Running a performance test is as simple as invoking trample start filename.rb in the console. Trample looks promising, but it lacks a few things:
- a way to present the test results in a sensible manner; the current output from the console is far from informative;
- the ability to group requests in a transactions; something similar to JMeter transaction controller, for instance. Trample requests are fired up in random order.
- cookie and session management (present in JMeter).
Still the idea to write performance / load and stress tests in a way one writes unit and integration tests is powerful. If anyone knows about similar solutions for Ruby, share the knowledge in the comments section below the post, please. A follow-up to the benchmarking tools comparison: web applications performance management tools. If you are doing performance tuning or you just want to keep track of your application performance over time, the ability to display and compare the results obtained is a significant factor to consider when selecting a benchmark tool for a Ruby on Rails application. Choose benchmarks which facilitate creating baselines. It is also a good idea to include web application performance monitoring and management tools in the performance test suite for a Ruby on Rails application. The tools like New Relic operate on real production data and provide real time insights into:
- response time and throughput,
- errors and availability,
- user satisfaction,
- server resource utilization.
Although the tools like New Relic cannot provide the information gathered during performance / load and stress testing, you can use New Relic to validate and further improve your performance test suite. With such tools at hand you obviously gain the regular benefits of 24/7 monitoring of your application performance in the production environment.

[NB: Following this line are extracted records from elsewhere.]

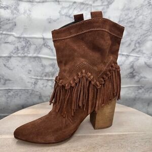 ALDO Kycia Fringe Suede Western Ankle Boots Women's Size 9 Brown Block Heel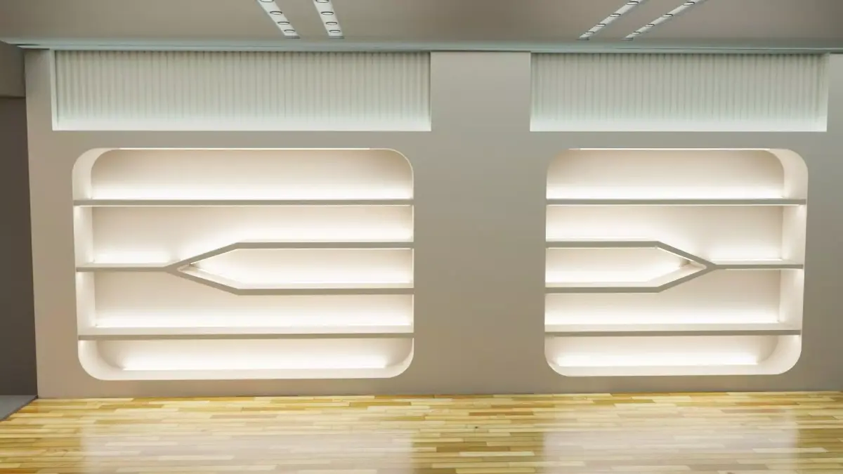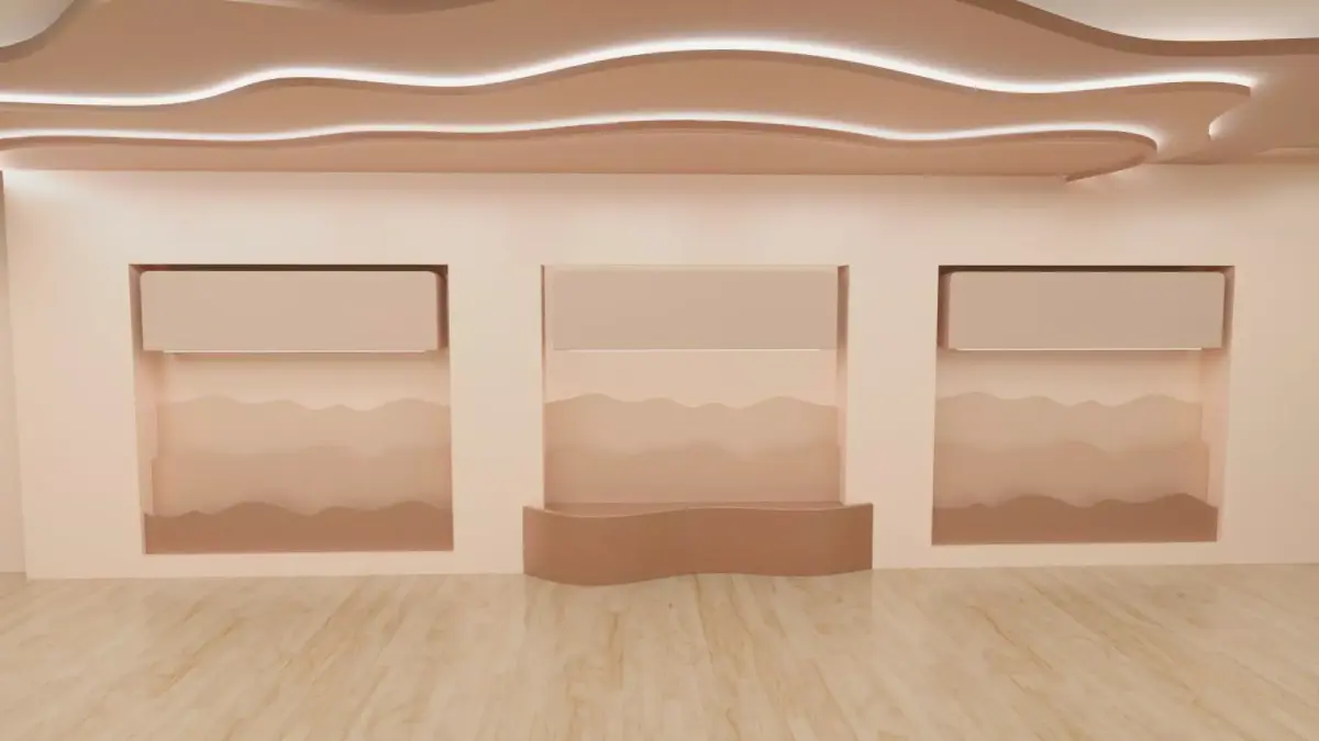 This high-quality 3D hall interior scene is designed with a perfect balance of modern aesthetics and architectural elegance. The model features beautifully crafted decorative wall panels, ambient LED lighting, and a premium contemporary layout that enhances realism and sophistication.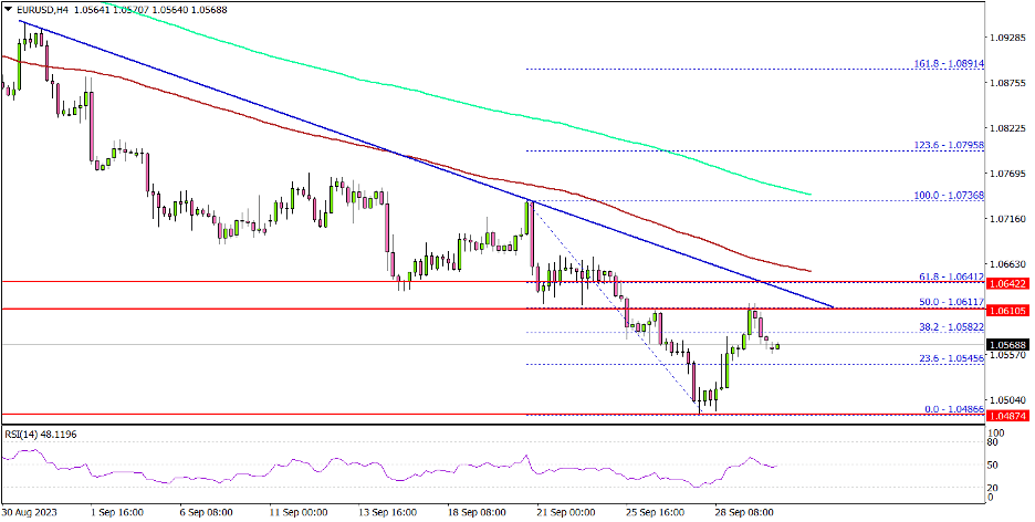 A low was formed near 1.0486 and the pair recently started an upside correction. There was a move above the 1.0550 level. The pair tested the 50% Fib retracement level of the downward move from the 1.0736 swing high to the 1.0486 low.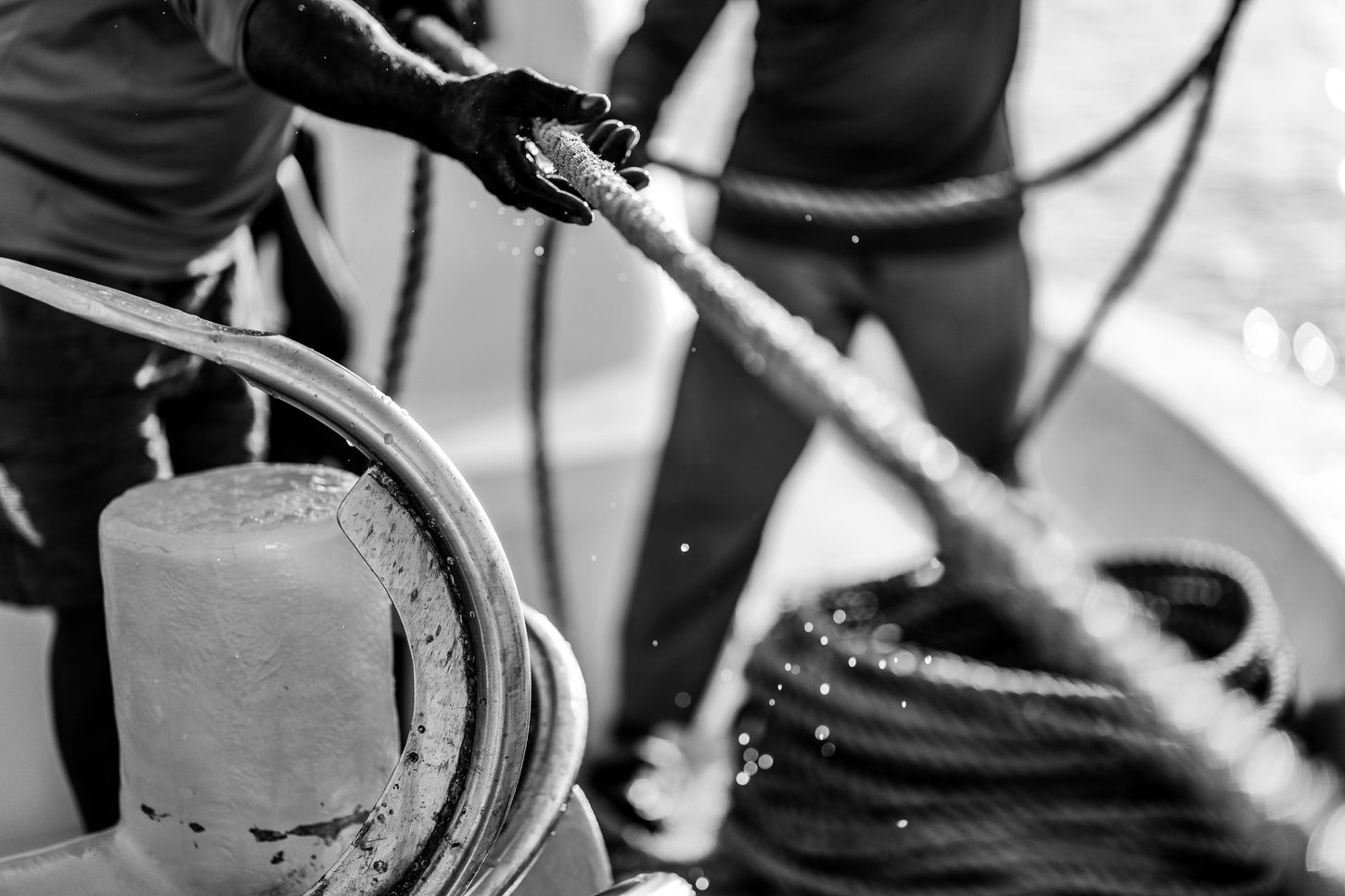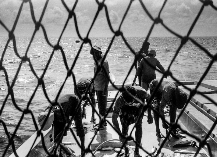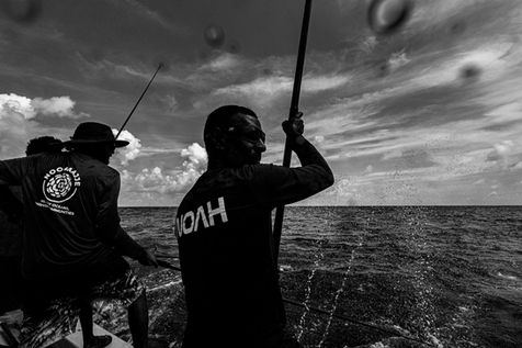 Pole and line fishermen are using a traditional and sustainable method of fishing. Fish are hooked and flicked over the head of the fishermen and onto the deck. Assuring low levels of bycatch and fishing at sustainable rates, allowing fish populations to remain healthy. Fewer sharks, turtles, whales and dolphins will be caught. It is a selective method.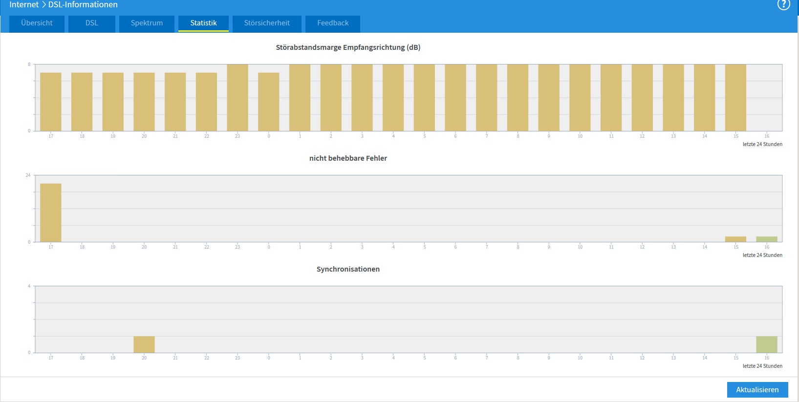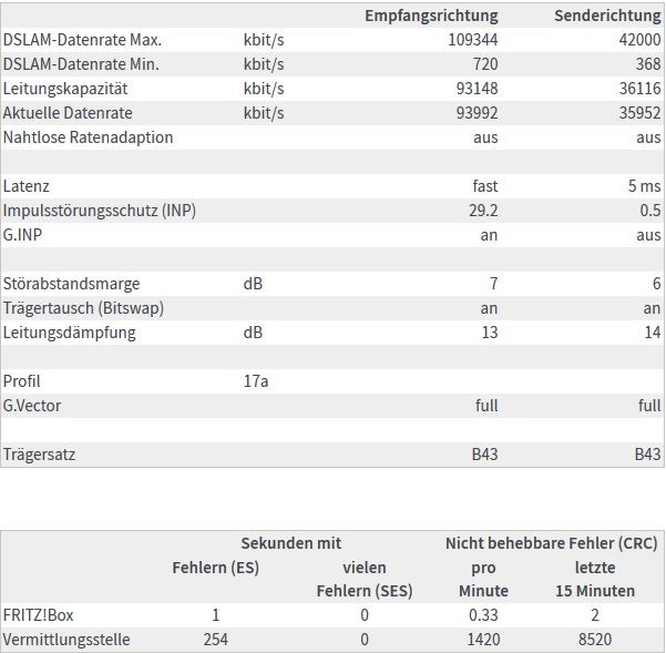 Doch wundert mich, das ALLE und vor allem zahlreiche Fehler seitens der Vermittlungstelle (mittlerweile aktuell 26000 in den letzten 15min 8| und dagegen nur 2 seitens der Fritz, was zu vernachlässigen ist) kommen und nicht von der Fritz selbst, wenn der DSL Information von der Fritz so trauen kann. Also gehe ich von der Aussage her aus, das es nicht an der Fritz liegt, sondern am Port in der Verteilerkasten bei uns in der Straße selbst....

SUMMARY FROM RUBY ON RAILS DEVELOPER’S PERSPECTIVE
I hope this blog post together with the previous article on designing performance / load test suites shed some light on the common problems and solutions that Ruby on Rails development teams face while designing and running performance test suites for their applications. There are different tools for different jobs. If you need to conduct simple throughput testing and/or measure the responsiveness of particular pages in the system, the tools like Apache Bench or httpserf will do the trick. If, however, your performance test suite is to reflect the business logic of the application, you should look for tools like JMeter, i.e., those which allow you to combine requests into transactions creating “user stories”. The choice of benchmarking tools is often a compromise between a number of factors such as: ease of use, features, and time needed to prepare and maintain a test suite. You may find out that, for example, a tool delivers outputs which are very useful and easy to read, but, unfortunately, it is unable to saturate your web application in a desired way, or has other limitations which do not satisfy your requirements. While experimenting with benchmarks, you should limit yourself to using a limited number of them. The greatest value of benchmarking comes from the ability to compare the application performance parameters over time. Stick to the key issue and you may be able to use the right number of tools. Creating and maintaining tests suites for different benchmarking tools increases the costs of performance testing, the costs which may not necessarily be offset by the associated benefits.